### WHAT TO DO
Line by line, give the data again exactly as it appears, but without pictures.

### SUPPLIED INFORMATION
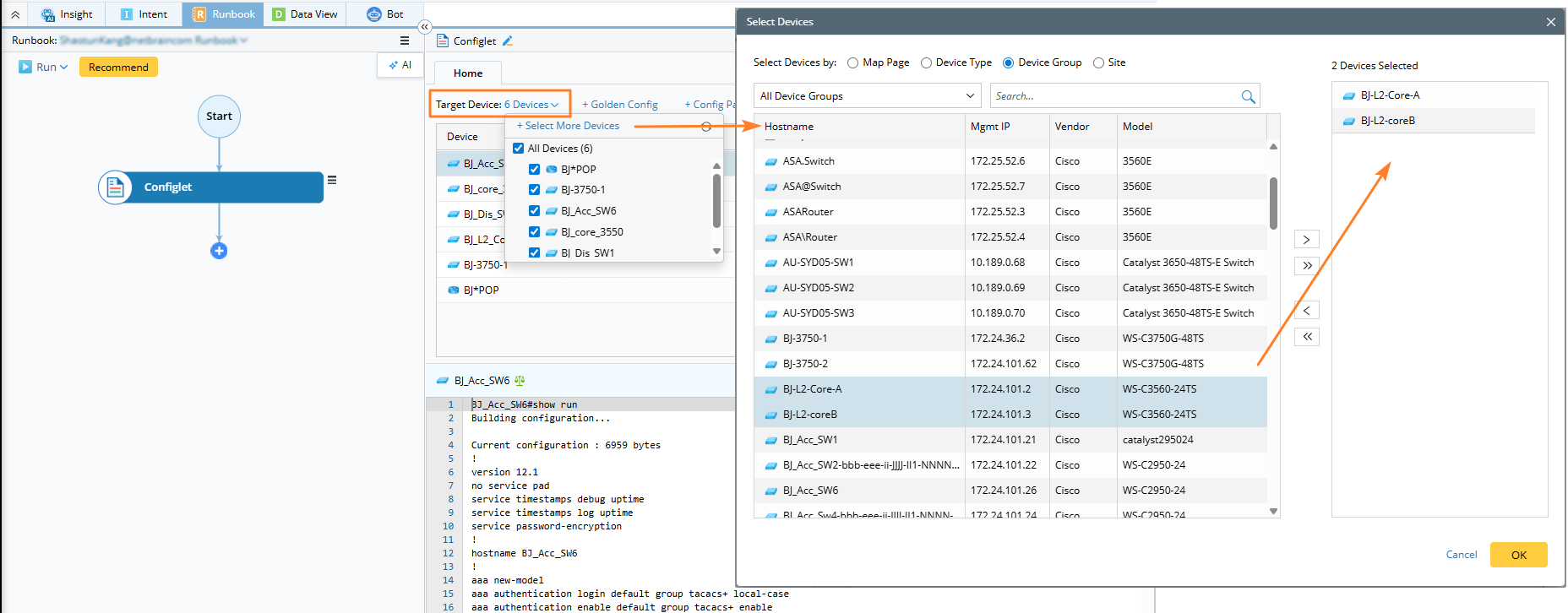 The selected devices are added to the Device column in the Configlet node table.
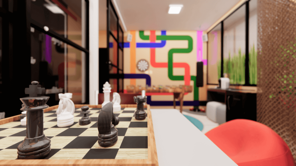 Projeto de interiores para salas de descanso, descompressão, trabalho e recepção, em que o objetivo foi transmitir a essência da empresa e proporcionar bem-estar aos colaboradores.
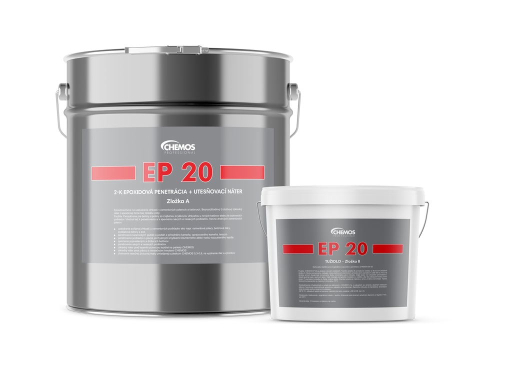 Oblast použití: Epoxidový penetrační nátěr Chemos EP 20 na podlahy a stěny z betonu, cementových potěrů, cementových omítek, litého asfaltu a jiných. Epoxidový nátěr zabraňuje prašnosti a drobení podkladu. Používá se jako penetrace savých i nesavých podkladů v exteriérech a interiérech před aplikací nátěrů, stěrek. Penetrace na beton dokonale snižuje savost podkladu a zlepšuje jeho přilnavost. Penetrace betonu perfektně připraví betonový podklad. Penetrační nátěr na beton jej zpevní a sníží prašnost podkladu. Epoxidový nátěr je dvousložkový roztok epoxidové pryskyřice. Taková penetrace slouží ke zpevnění a uzavírání vlhkosti v cementových potěrech a betonech. Podobně jako u jiných dvousložkových penetrací je třeba epoxidový nátěr před aplikací smíchat složku A s tužidlem (složka B). Penetrace zpevňuje a sjednocuje podklad, snižuje spotřebu a zvyšuje přilnavost. Penetrační nátěr Chemos EP 20 je vhodný pro cementové potěry, beton, stěny a podlahy. Penetrace na beton a jiné povrchy se provádí za pomoci stěrky.
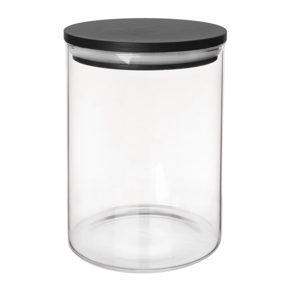 Die Dose besteht aus Borosilikatglas, das beständig gegen Temperaturschwankungen ist und dem täglichen Einsatz in der Küche standhält. Der schwarze Deckel mit elegantem Look fügt sich perfekt in moderne Haushalte ein und sorgt für Ordnung in Ihrer Speisekammer.

### REPLY TO THE EXERCISE
 The selected devices are added to the Device column in the Configlet node table.
 Projeto de interiores para salas de descanso, descompressão, trabalho e recepção, em que o objetivo foi transmitir a essência da empresa e proporcionar bem-estar aos colaboradores.
 Oblast použití: Epoxidový penetrační nátěr Chemos EP 20 na podlahy a stěny z betonu, cementových potěrů, cementových omítek, litého asfaltu a jiných. Epoxidový nátěr zabraňuje prašnosti a drobení podkladu. Používá se jako penetrace savých i nesavých podkladů v exteriérech a interiérech před aplikací nátěrů, stěrek. Penetrace na beton dokonale snižuje savost podkladu a zlepšuje jeho přilnavost. Penetrace betonu perfektně připraví betonový podklad. Penetrační nátěr na beton jej zpevní a sníží prašnost podkladu. Epoxidový nátěr je dvousložkový roztok epoxidové pryskyřice. Taková penetrace slouží ke zpevnění a uzavírání vlhkosti v cementových potěrech a betonech. Podobně jako u jiných dvousložkových penetrací je třeba epoxidový nátěr před aplikací smíchat složku A s tužidlem (složka B). Penetrace zpevňuje a sjednocuje podklad, snižuje spotřebu a zvyšuje přilnavost. Penetrační nátěr Chemos EP 20 je vhodný pro cementové potěry, beton, stěny a podlahy. Penetrace na beton a jiné povrchy se provádí za pomoci stěrky.
 Die Dose besteht aus Borosilikatglas, das beständig gegen Temperaturschwankungen ist und dem täglichen Einsatz in der Küche standhält. Der schwarze Deckel mit elegantem Look fügt sich perfekt in moderne Haushalte ein und sorgt für Ordnung in Ihrer Speisekammer.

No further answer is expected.